User-Agent string should be a contextual attribute that Experimentation Lab client libraries can populate when requested.
When we start managing contextual attributes via xLab rather than stream configs, it will be easy to turn UA collection on/off, without it being strongly coupled to the stream config.
Context
Some thoughts by @Ottomata:
In T382173: Enable Event Platform streams to opt out of collecting User-Agent data, we added a producers.eventgate.enrich_fields_from_http_headers stream config setting. This setting instructs eventgate to enrich event data with HTTP request headers before producing the event.
This will be useful especially in cases where the header values are not available to the client (e.g. set by the server side CDN).
However, in cases where the data is available to the client, there are several reasons and advantages to configurably set the data in the event on the client side instead of server side (eventgate).
- eventgate is agnostic to the semantics of the events it produces. It is not 'wiki aware'. It requests global stream config from https://meta.wikimedia.org/w/api.php?action=streamconfigs. If there are per wiki settings (via per-wiki overrides in mediawiki-config), those settings will only be available from the wiki's api endpoint, e.g https://en.wikipedia.org/w/api.php?action=streamconfigs. MediaWiki clients have this per-wiki configuration automatically available to them.

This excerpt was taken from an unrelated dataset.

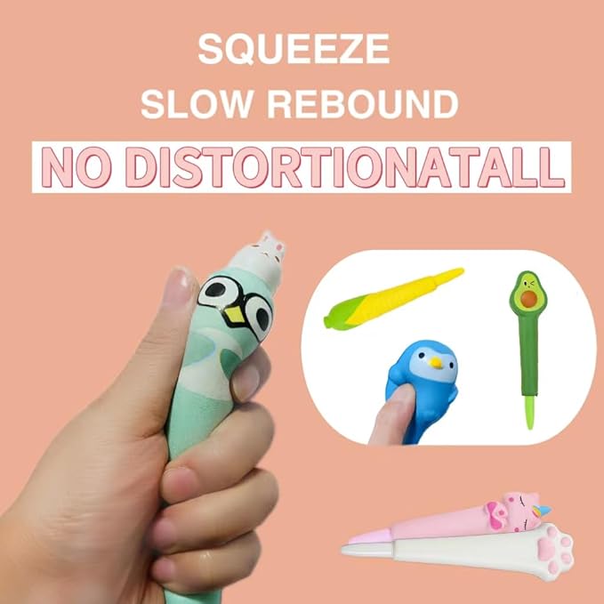- Stress Relieving: These fun pens aren't just cute, but also comfortable to hold and use.They can also help you reduce stress as you squeezeh and stretch them during breaks, the kawaii pen can easily return to its original shape even after repeated hard pressure; It feels comfortable when pressed, which can effectively relieve stress and anxiety during work or study.

- The desired data, e.g. the client's user-agent, might not always be in the headers for the POST request to eventgate. When MediaWiki PHP POSTs the event, it makes an HTTP POST request to eventgate that is distinct from the original user client that made an HTTP request to MediaWiki. E.g. The Growth team's HomepageVisit instrumentation is sent from MW PHP after a user visits the MW homepage. To work around this, EventLogging is manually setting the event's http.request_headers['user-agent'] field to the current MW HTTP request's 'User-Agent' header. This is a bit awkward, because MW is acting as a proxy for the real client (the user's browser that made the original HTTP request). Which request is http.request_headers meant to represent? As is, it might contain headers from multiple requests, but there would be no way to understand which ones were from which? Does this matter?
We should add client specific configuration (to EventStreamConfig or elsewhere (MPIC contextual attributes?) that allows configuration of clients to set specific event fields.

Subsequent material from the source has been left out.